Just as important as selecting an adviser you're comfortable with, Brandon says, is signaling to that adviser that "you're a part of that process as much as the person next to you" with your active participation. For instance, Brandon and her husband recently met with an estate planner together.

"I started asking a lot of questions, and by the end, everything was being addressed to both us, and not to just him," she says.

Make Your Retirement a Priority

A survey by financial services organization TIAA-CREF revealed that nearly half of women say they can't afford financial advice, and one in three say they don't have time to seek it. That's another example of women putting the needs of others before their own.

"You get pulled and tugged in so many directions," said Brandon, herself the mom of three.

Because starting early is key to amassing adequate retirement savings, it's important for everyone, including busy mothers, to take the time as soon as possible to set up a retirement savings plan and check up on it regularly.

Save Even If You're Not Working Full-Time

Women are twice as likely to work part time as men, and we are also more likely to take extended breaks from the workplace and have nonlinear career trajectories.
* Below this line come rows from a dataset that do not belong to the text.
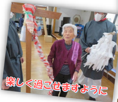
楽しく過ごせますように
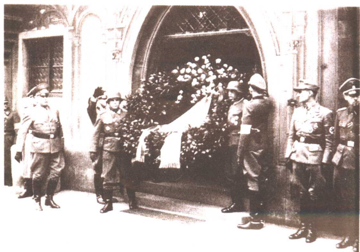
下图为隆美尔死后希特勒送的花圈
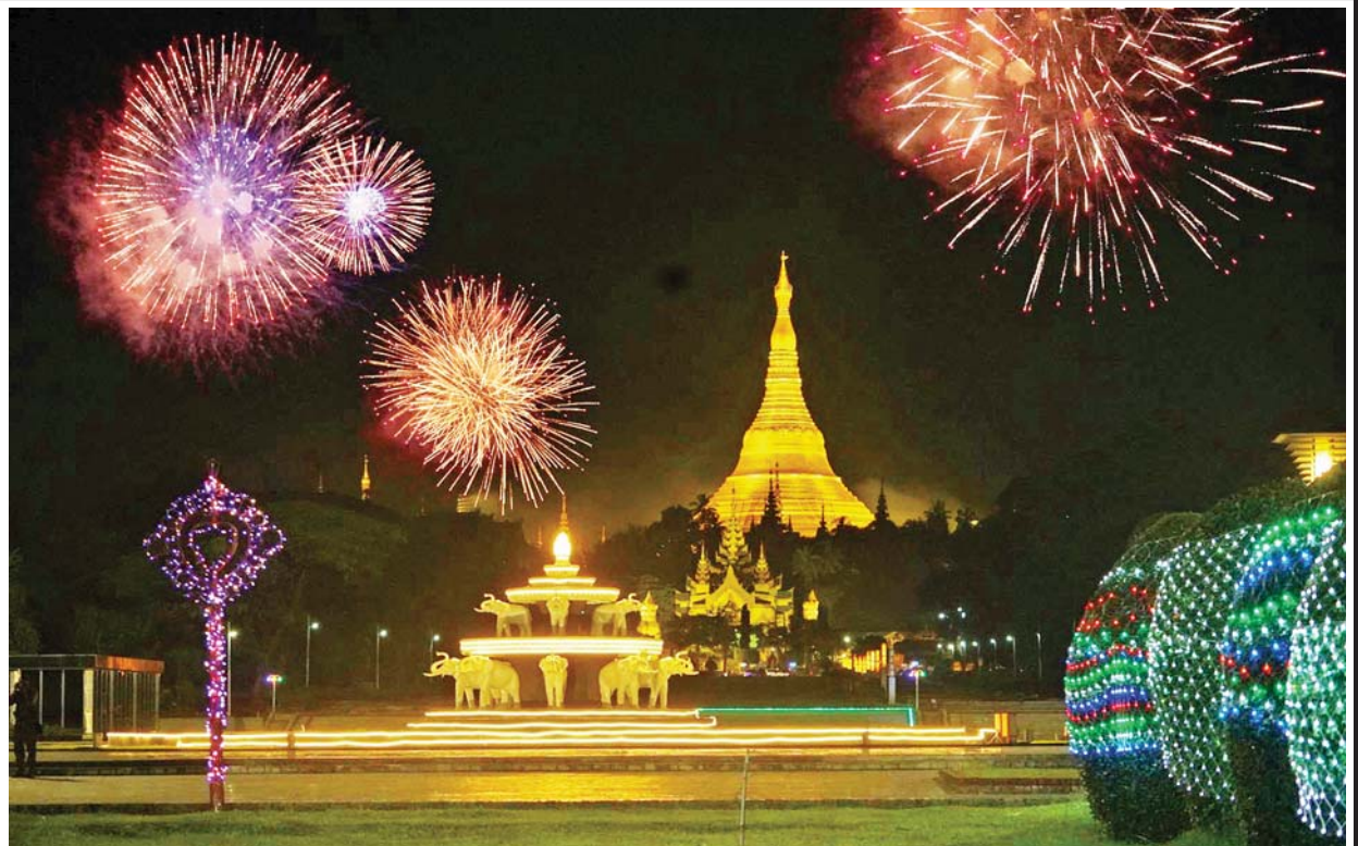
ရန်ကုန်မြို့လေးဆူဓာတ်ပုံ ရွှေတိဂုံစေတီတော် အနောက်ဘက်မှန် ပြည်သူ့ဥယျာဉ်နှင့် ပြည်သူ့ရင်ပြင်၌ ၁၃၈၄ ခုနှစ် သီတင်းကျွတ်လပြည့်ည က ဈေးရောင်းပွဲတော် လာရောက်ကြသော ပြည်သူများ စိတ်အပန်းပြေစေရန်နှင့် ရွှေတိဂုံစေတီတော်ကြီးအား ရောင်စုံမီးရှူး မီးပန်းများဖြင့် ထွန်းညှိပူဇော်နေမှုကို မြင်တွေ့ရစဉ်။

မိုးနဲ အောက်တိုဘာ ၉ ရှမ်းပြည်နယ် (တောင်ပိုင်း) နမ့်စန်ခရိုင် မိုးနဲမြို့နယ်တွင် မြို့နယ်လုံးဆိုင်ရာ သံဃာအပါး ၆၀၀ ကျော်အား သံဃာဒါန မြို့လုံးကျွတ် ဆွမ်းဆန်စိမ်းလောင်းလှူပွဲကို နမ့်စန်-မိုးနဲ-မိုင်းတုံ-မိုင်းဆတ် ပြည်ထောင်စုလမ်း မိုးနဲလမ်းပိုင်း မြို့တွင်းလမ်းတစ်လျှောက်၌ ယနေ့ နံနက် ၆ နာရီက စည်ကားသိုက်မြိုက်စွာ ကျင်းပခဲ့သည်။ ယင်းသို့လောင်းလှူရာတွင် ဗုဒ္ဓရုပ်ပွားတော်အား ရှေးဆုံးမှ ပင့်ဆောင်၍ ပရိတ်ရွတ်ဖတ်ပူဇော်ခြင်း၊ ပင့်သံဃာ ဆရာတော်အရှင် သူမြတ်အပါး ၆၀၀ ကျော်ဖြင့် မိုးနဲမြို့ နာဟောင်ရပ်ကွက် ရွှေကျောင်းတော် ဘုန်းတော်ကြီးကျောင်းမှစတင်ကာ ပြည်ထောင်စုလမ်း တစ်လျှောက် ကြွရောက်တော်မူခဲ့ပြီး မြို့နယ်အဆင့် ဌာနဆိုင်ရာများ၊ မြို့သူ မြို့သားများ၊ ဈေးသူ ဈေးသားများနှင့် စေတနာရှင် အလှူရှင် များက ဆွမ်းဆန်တော်၊ ကြက်သွန်နှင့် ဆပ်ပြာအပြင် လှူဖွယ်ဝတ္ထု ပစ္စည်းမျိုးစုံကို မြို့လုံးကျွတ်စည်ကားသိုက်မြိုက်စွာ လောင်းလှူ ပူဇော်ကြသည်။ မြို့နယ်လုံးကျွတ်ဆွမ်းဆန်စိမ်း လောင်းလှူပူဇော်ပွဲတွင် ဆရာတော်အရှင်သူမြတ်များ အေးချမ်းစွာ အလှူခံကြရောက်တော်မူနိုင်ရန် ဌာနဆိုင်ရာများနှင့် လူမှုရေးအဖွဲ့အစည်းများက ပိုင်းဝန်းကုသိုလ်ပြု လိုက်ပါကူညီ ဆောင်ရွက်ပေးခဲ့ကြောင်း သိရသည်။ မျိုးညွန့်ရွှေ(မိုးနဲ)
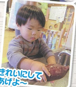
きれいにして あげよ~
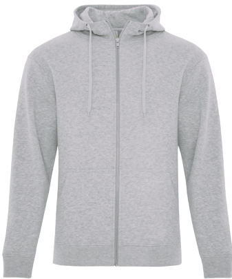
F2018 $63.80 ADULT / ADULTE XS-4XL
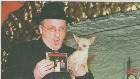
La Orquesta Mondragón animará la fiesta nocturna en Gilet.

→ La Volta a Peu y la cita con los Autos Locos fue todo un éxito y se superaron las cifras de anteriores ediciones
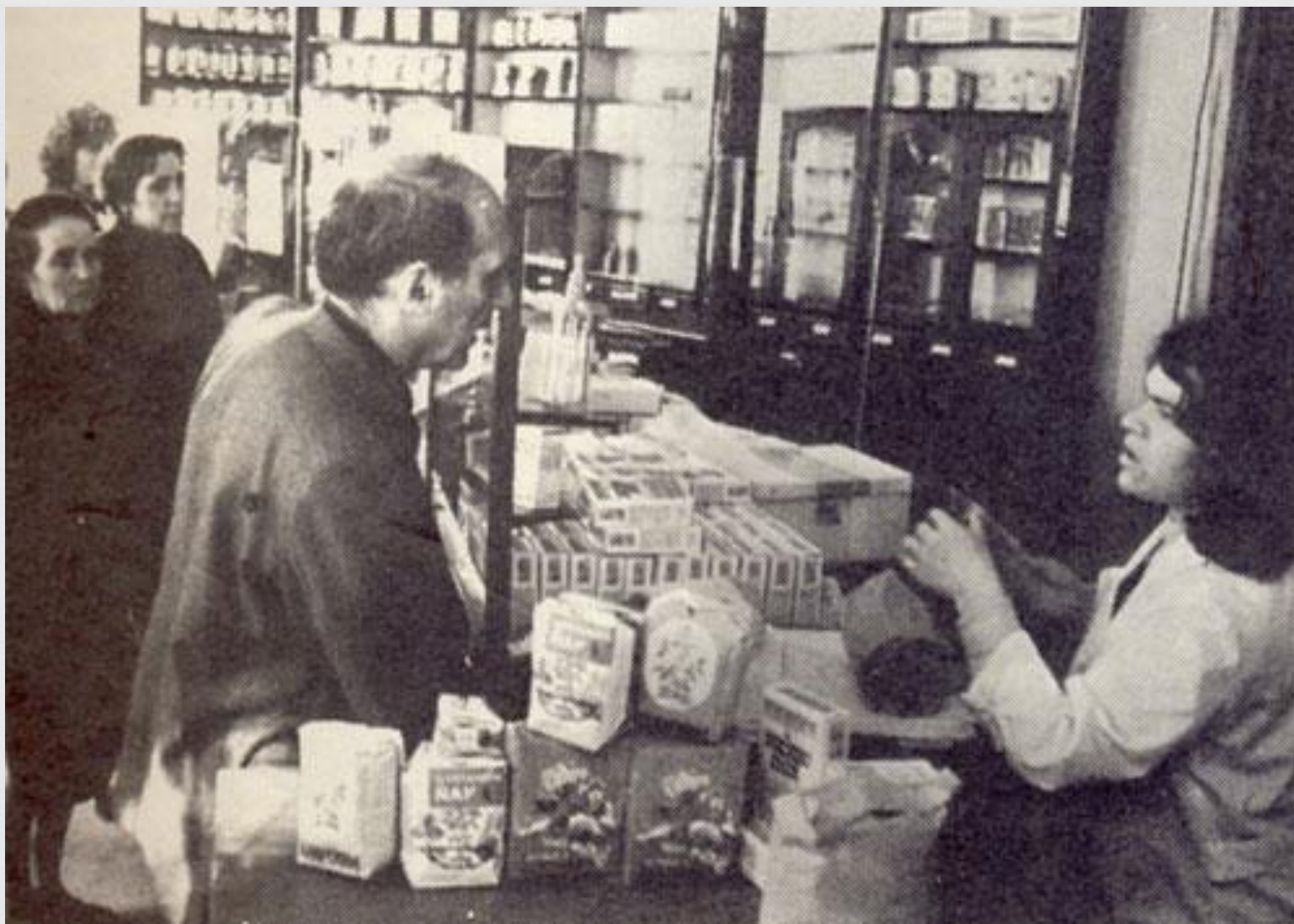
Типичная хозрасчетная аптека 20 века
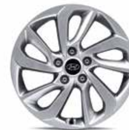
18) Leichtmetallfelge 17"
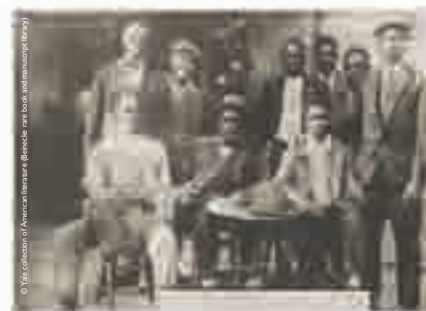
Groupe de Jazz à Marseille, photographie de Claude McKay, c. 1929
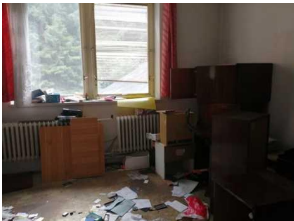
Administrativní budova - kanceláře v patře
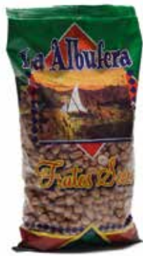
CACAHUETE MONDADO CRUDO 1 Kg. Ref.: 5039
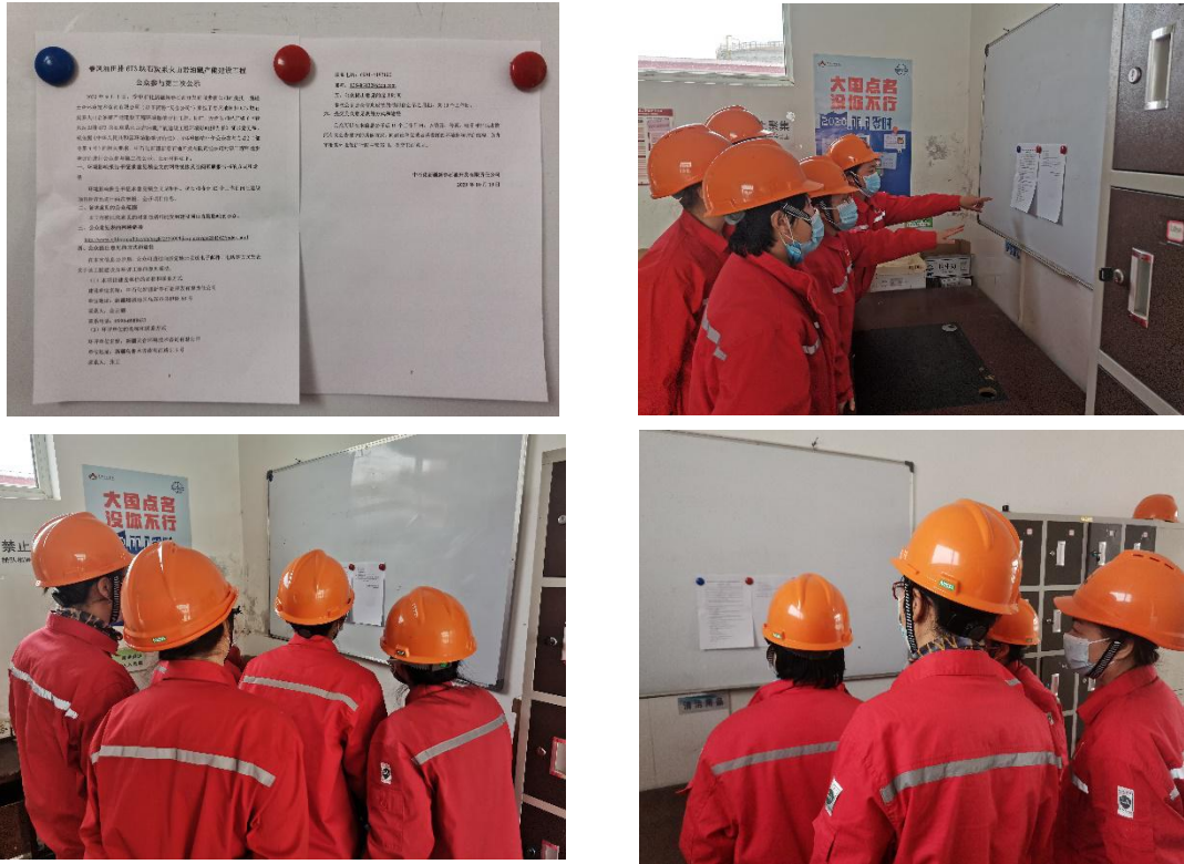
图 3.2-4 本项目张贴公示栏照片

If your career has taken this kind of path, it should be incorporated into your planning. Better yet — and I get that this can be tough — evaluate the effect that such a break or shift would have on your retirement before you decide to do it.

One way to keep saving during a break, Brandon suggests, is by contributing to a spousal IRA, which is simply a regular IRA that a nonworking spouse can contribute to in order to keep retirement savings going even during a career break.

Don't Let Divorce Derail Your Future

No one plans for their marriage to end in divorce. Yet, after seeing too many friends and relatives have their finances shredded by divorce, I've come to the conclusion that all married people should be prepared to weather a divorce if necessary.

Statistically, women are more likely to be financially hurt by divorce. We're more likely to have custody of the kids, and many single mothers receive no child support. Anecdotally, I know women who had no credit in their own names until they got divorced and found themselves applying for a credit card with no credit history, or even worse, a credit history that was shredded by the ex's actions.

The first thing women can do to prepare for divorce is the same thing she can do to prepare for successful retirement if she stays married: Understand the family finances. Pay attention and ask questions. Don't leave it all to your spouse.

The next part happens during the divorce: Fight for what you deserve. Divorce attorneys report seeing many women settle too soon in divorces and accept too small a share of the couple's net worth, just to get it over with. Some men bully and harass their wives into giving in, and even use the children against them.

In divorce, as in marriage, remember that as important as the pressing issues of today may seem — the kids' needs, the stress — retirement can last a long time, and it will seem even longer if you have to spend it eating cat food.

What are you doing to take control of your finances?